「……おはようございま……あれ?」

今日も楽しい部活の時間だ、と演劇部部室のドアを開ける。開けたはいいものの、普段毎日のように部室で待ち構えている部長がいない。そろそろドリフェスがあるらしいし、ユニットの活動でもしているのだろうか。

北斗くんも友也くんもいない。物がごった返す部室は、いつもはありえないほど喧しいのに、今はシンと静まり返っている。仕方ないので一人で次の脚本の構想を練ろうと、ソファに腰かけペンとノートを取り出した。

「…………北斗くんは王子さまで……部長に女装してほしいから……でも友也くんのお姫さまも見たいし……登場人物は…………」

独り言をぶつぶつ呟きながら、思いつくネタをとにかく乱雑に書き出してみる。途中から何だか気分がノッてきて、一人なのをいいことに歌を歌いながらメモをしていた。

「……愛はなんてAmazing♪ ふんふん……♪」

勝手に歌いやすいキーにして、部長のソロ曲を歌う。個人的にはValkyrieの影片みかくんのソロ曲が一番好きだけど、部長のはまた別の良さがある。……というか、好きな人の歌う曲が嫌いなはずがない。

「ふんふーん……♪ 世界を……」
「今日も彩りましょう! Surprise☆」
「うひゃあ!?」

ノートにメモをしながら鼻歌を歌っていると、突然部長が上から降ってきた。しかも、私の鼻歌の続きを歌いながら。まさにサプライズという感じだけど、驚きすぎてノートもペンもひっくり返して落としてしまった。

それなのに部長はいつもに増して嬉しそうな満面の笑みを浮かべている。

「ふふ、私の歌がお気に入りですか? まさか貴女が覚えてくれているとは! ああっ嬉しさでバラが飛び出てしまいます……☆」

言葉のとおりポンポンとどこからかバラを出して、彼はその場でくるくる回る。元気なひとだなぁと思いながら、驚きで逸る鼓動を深呼吸で落ち着かせた。

「いつからいたんですか? ……恥ずかしいです」
「何を恥ずかしがることがあるのでしょう! こんなに嬉しいのは初めてです、Amazing☆ ちなみに貴女がおはようございますと言って入ってきたときからいましたよ!」
「初めからじゃないですか! えっどこにいたの……!?」

本当に計り知れないなあ、と思いながら顔を熱くしていると、彼はピタリと止まって私にバラを一輪差し出した。すぐ目の前で、整った綺麗な顔が微笑んでいる。どき、とまるで心臓を鷲掴みにされたみたいに、呼吸ができなくなる。

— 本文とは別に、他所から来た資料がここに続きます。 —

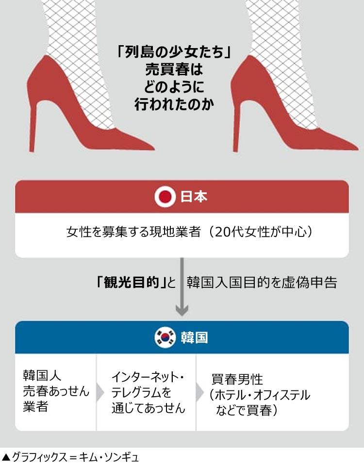 警察は、日本人女性たちが売春目的で韓国に来たのにもかかわらず、入国目的を「観光」と偽っていたとみて、出入国事務所に身柄を引き渡した。
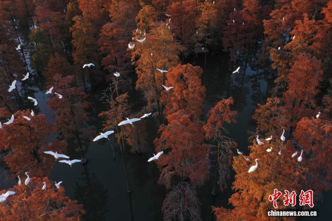 11月26日,湖北武汉,初冬时节,新洲区的涨渡湖水上森林公园迎来最美季节,万余棵池杉树树叶黄红相间,鹭鸟穿梭其间嬉戏觅食,形成“水中有树,树上有鸟,林鸟相依”的生态景观。
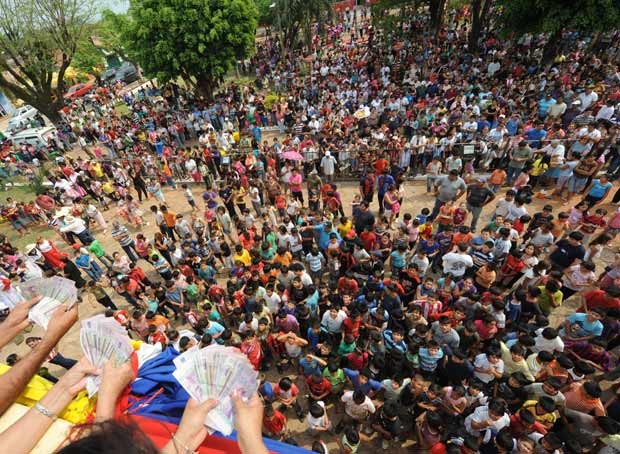 Dezenas de paraguaios se amontoaram nesta sexta-feira (7) na frente de uma igreja na cidade de Guarambaré, ao sul de Assunção, para pegar dinheiro jogado a partir do campanário em uma tradicional celebração da Natividade da Virgem Maria.

「ふふ、バラのような貴女には私の歌がよくお似合いですよ」

彼があんまり嬉しそうにそう言うものだから、つい、緊張に指先を震わせながら声を絞り出した。何とか言葉を選んで、彼から視線を逸らす。

「……歌だけ、ですか……」

ほんの一瞬彼を見ると、彼は鳩が豆鉄砲でも喰らったみたいな顔をしていた。それからなんだか悲しいような嬉しいようなちぐはぐな表情を浮かべる。

「ええと、それは……」
「あっ、いや、だからその……ほら! ぶ、部長みたいに長い髪とか、部長みたいに器用な手品とか……私には似合わないですよね……?」

本当に言いたいことから逃げようと言葉を探すと、部長は真剣な顔になって、私の肩を掴んだ。

「自分から言い出しておいて、逃げないでください。……でも、貴女には私がお似合いですだなんて……言っていいのでしょうか」
「高望みだとはわかってますけど……言ってほしいです、見合うように頑張りますから」

少し寂しげな顔をした彼に強くそう言いきると、彼は安心したようにふわりと微笑んだ。また心臓が苦しくなる。もしかしたら今日、死んでしまうのかもしれない。

「奇遇ですね、私も貴女のそばにいるために頑張ろうと思いますよ。案外、本当にお似合いかもしれませんねぇ」
「……かもじゃないです」
「おっと、そうでしたね。これは失礼しました。お詫びと言ってはなんですが、」

彼の手がさらりと私の横髪を耳にかけ、一瞬、触れるだけのキスをする。唇に柔らかいものが触れて、目を閉じる間も与えられないまま、キスをされてしまった。

「許していただけますか?」
「……まだ、足りないです」
「おやおや、欲張りさんですねぇ」

彼がやさしく私の頭を撫でる。張り裂けそうな心臓の音がちっとも治まらない。

──ああやっぱり私、今日死んでしまうんだ。それでも全然、構わないのだけれど。